After nine days without any access to the BBC’s services, he had this to say: “I was surprised how much I rely on the BBC… It’s definitely changed the way I see the value of the licence fee… and what it offers me. It’s worth paying… I don’t think I could feasibly live without the BBC.”

Watching BBC on tv

Among those who were initially against the licence fee, there was frustration at the obligatory nature of it in contrast to the flexibility offered by streaming subscription services.

The ‘pay less’ and ‘pay nothing’ households who felt they did not get as much personal value from the BBC, felt they would have preferred to opt-in and subscribe on-demand, rather than be ‘tied in’ (though in the past, the BBC said that a theoretical BBC subscription would cost £453/year).

But once the BBC was taken from the participating households, many said they missed the convenience and flexibility of BBC iPlayer for the
BBC TV content they enjoyed, missed the must-watch dramas, and the ‘event’ TV and live sport on the BBC that brings the nation together.

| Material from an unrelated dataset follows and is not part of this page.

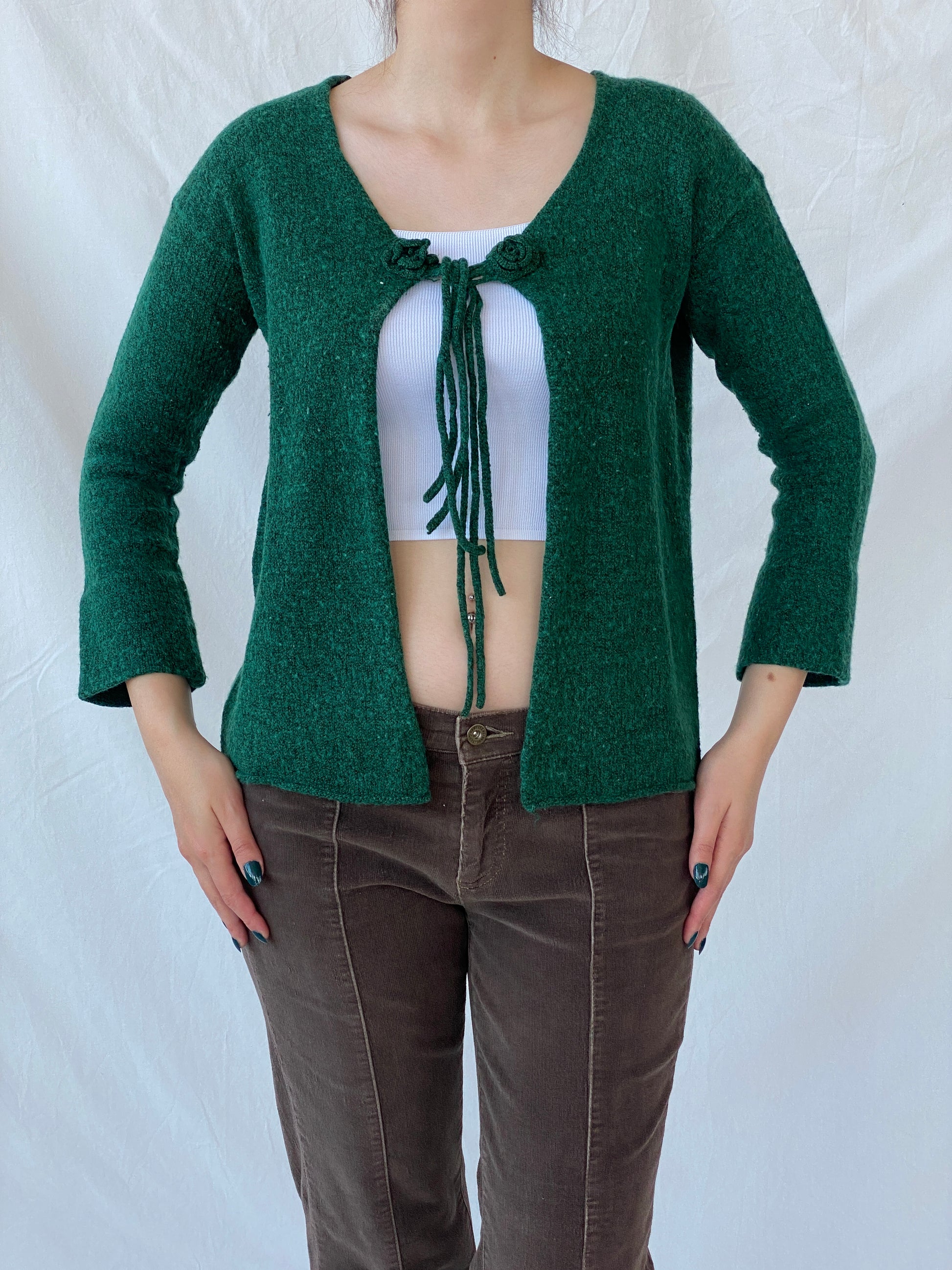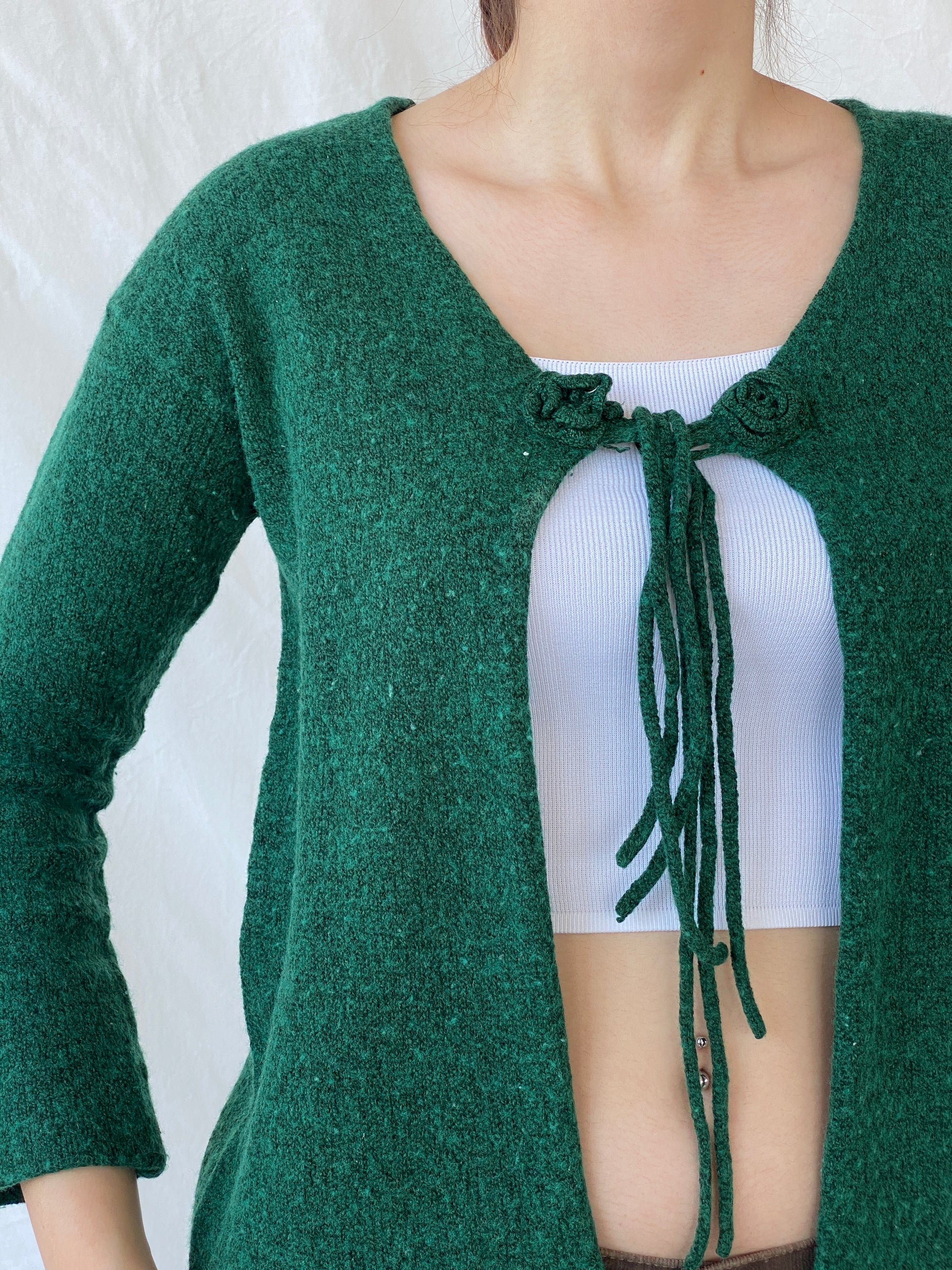 احصلي على هذا الكارديجان النسائي المحبوك باللون الأخضر العتيق، المصنوع من مزيج الصوف، برباط أمامي. نسقيه مع بنطال جينز داكن باهت وحذاء بكعب عالٍ فضي لإطلالة مميزة تناسب عام 2000.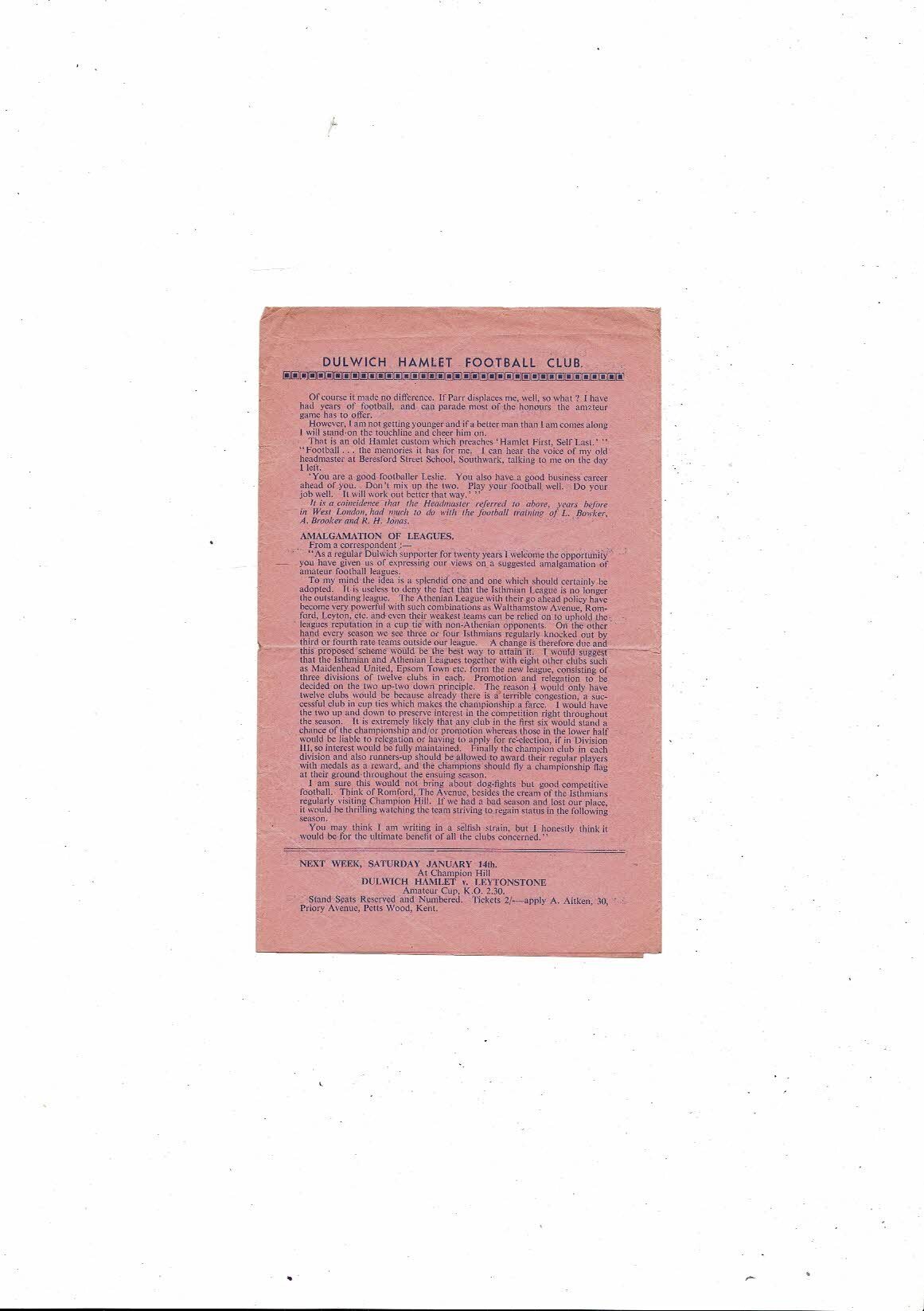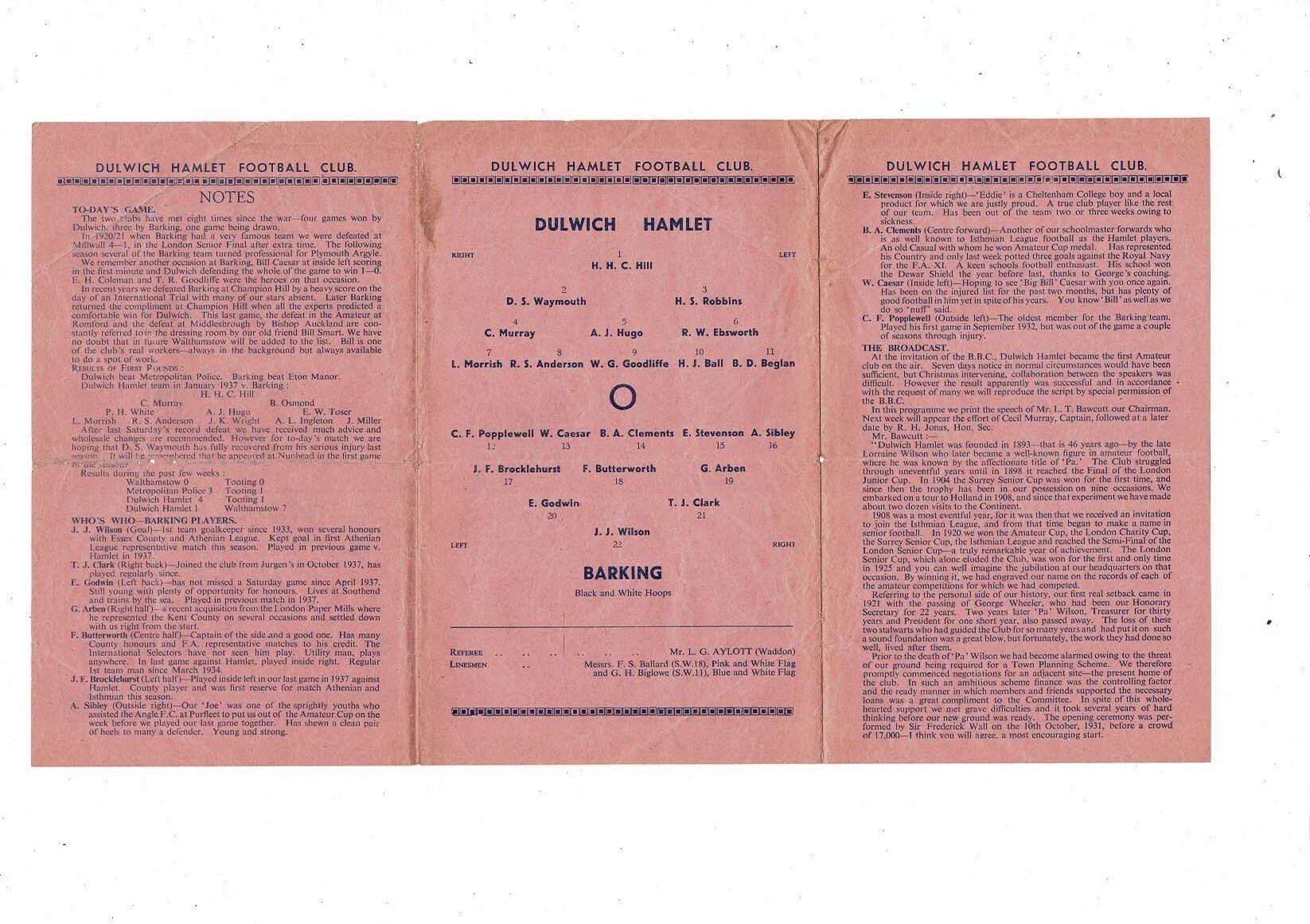 1938/39 Dulwich Hamlet v Barking London Senior Cup Football Programme

Line of Duty series 6 official
Line of Duty (Photo: BBC)

18 of the 60 ‘pay nothing’ / ‘pay less’ households did not change their minds (though four of these pay nothing households became pay less).

“I didn’t miss it at all…”, said one of them. “BBC is not part of my normal routine, so it didn’t affect it… I don’t use any of their services at all.”

“When put in perspective how much I pay for it”, said another, “realistically I’m paying £3 a week for EastEnders because everything else can be easily substituted… that’s a lot for one programme!”

BBC Director-General, Tim Davie, had this to say about the results of the study:

“It is great to see the role the BBC plays in people’s lives up and down the UK and it not only shows the importance of public service broadcasting it reinforces that we must continue the hard work to maintain that support and ensure we offer something for everyone.”

In 2014, when the first study was started, 21.5 million adults used the internet/social media for news. That compares to 39.2 million today, while 4.8 million UK households had access to SVOD services, compared to 20 million today.